Coat of arms of the Havemann Couple from around 1600
Bremen's oldest preserved neighborhood is the Schnoor. Like beads on a string, around 100 small houses line up along it, hence the name "Schnoor" (Low German for "string"). In earlier times, the district was mainly inhabited by fishermen and sailors, as the Balge, a tributary of the Weser, ran through here, and one of Bremen's first harbors was located here.
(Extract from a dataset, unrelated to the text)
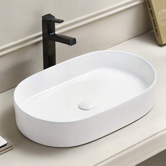כיור מונח חרס אובלי לבן מבריק 61 ס״מ דגם LEO
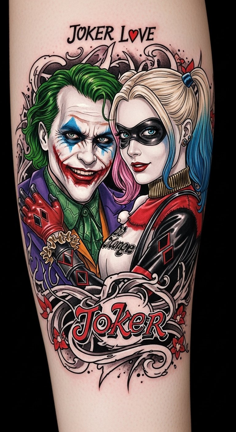 Symbolically this design balances mischief and devotion—Joker’s smile represents the destructive charisma and unpredictability, Harley’s motifs signify playful rebellion and resilience—evoking a tense love that evolved from co-dependency into personal transformation; emotional tone is darkly romantic and anarchic, best placed where it can curve with muscle movement so the imagery shifts as the wearer moves.

Restaurant Schröter's Leib & Seele (Archive Image)
Today, only the street names "Hinter der Balge" (behind the Balge) within the Schnoor and "Balgebrückstraße" at its edge remind us of the now-filled-in waterway. The sailors and fishermen have also disappeared, and since the 1950s, especially after the war when less affluent people lived here, many artisans, artists, cafés, and restaurants have moved into the maze of narrow, winding alleys, bringing life to this truly worth-seeing old quarter, which is still inhabited.

View into Schnoor Alley
Many of the small houses date back to the 17th century or were rebuilt according to historical models. The house at No. 15 in Schnoor Alley, built on medieval foundations in 1402, is one of the oldest buildings in the Schnoor alongside the Packhaus (1401). While the St. Johannis Church, built by Franciscans, still stands a few streets away - the Franciscan monastery has not existed since 1834 - only a memorial plaque at Kolpingstraße 4/6 reminds us of the synagogue. For 62 years, until SA men destroyed it in flames during the Reichspogromnacht from November 9 to 10, 1938, this was the spiritual center of the Jewish community. Since 1982, a black-painted concrete monument in front of the Landherrnamt has stood for the seven Jewish citizens of Bremen who met violent deaths that night.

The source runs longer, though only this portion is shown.